American glass artist

Deborah Czeresko (born July 27, 1961) is an American glass blower known for winning the first season of the Netflix series, Blown Away.

==Education==
In 1983, Czeresko graduated from Rutgers University and graduated from Tulane University in 1992.

==Career==
Her works are in the permanent collection of the Museum of American Glass in Millville, New Jersey, Glasmuseet Ebeltoft, and the Frauenau Glass Museum. She served on the board of directors for UrbanGlass, a glassblowing studio based in Brooklyn, from 2008 to 2018.

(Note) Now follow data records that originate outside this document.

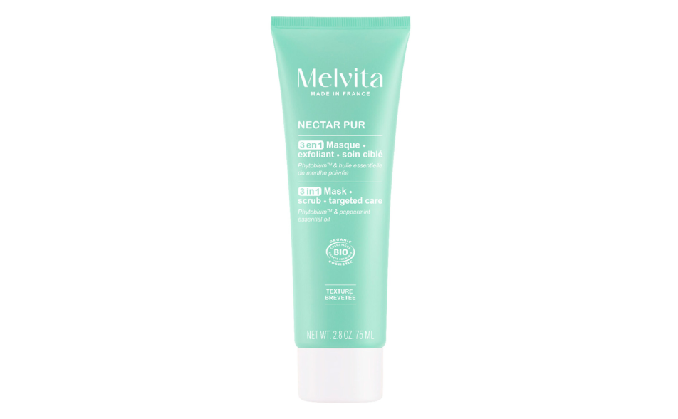 Melvita Nectar Pur Organic 3-in-1 è una maschera viso biologica con tripla azione purificante, esfoliante e riequilibrante, ideale per trattare imperfezioni, pori dilatati e grana irregolare.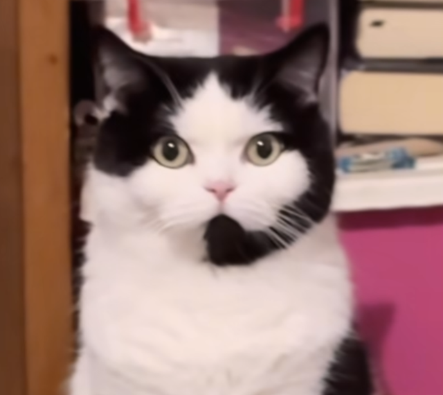 奶牛貓全身只有黑白兩色,嘴巴上的黑毛非常別致的彎曲成一個話筒,看著像客服嘴邊的話筒耳麥。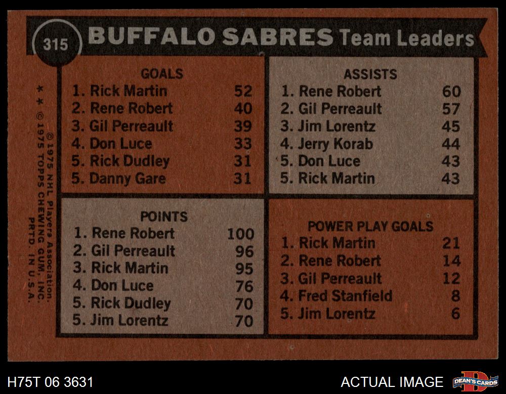1975 Topps #315 - Rick Martin / Rene Robert Sabres Leaders 6 - EX/MT

In 2019, she won the first season of the Netflix series, Blown Away.

In 2019, her piece, "Meat Chandelier," was one of 100 chosen for The Corning Museum of Glass' exhibition, New Glass Now, a survey of contemporary glass from around the world. Her prize package from winning Blown Away included a residency at The Corning Museum of Glass.

== Artistry ==
Using Venetian-style glassmaking techniques, Czeresko's work showcases her personal experiences shaped by contemporary issues. Czeresko often uses her work as a glassmaker to highlight the issue of women's equality. She said in an interview, "So, I’ve long been interested in women occupying these spaces that involve physicality, where they’re perceived as not belonging. I wanted to make glass the great equalizer."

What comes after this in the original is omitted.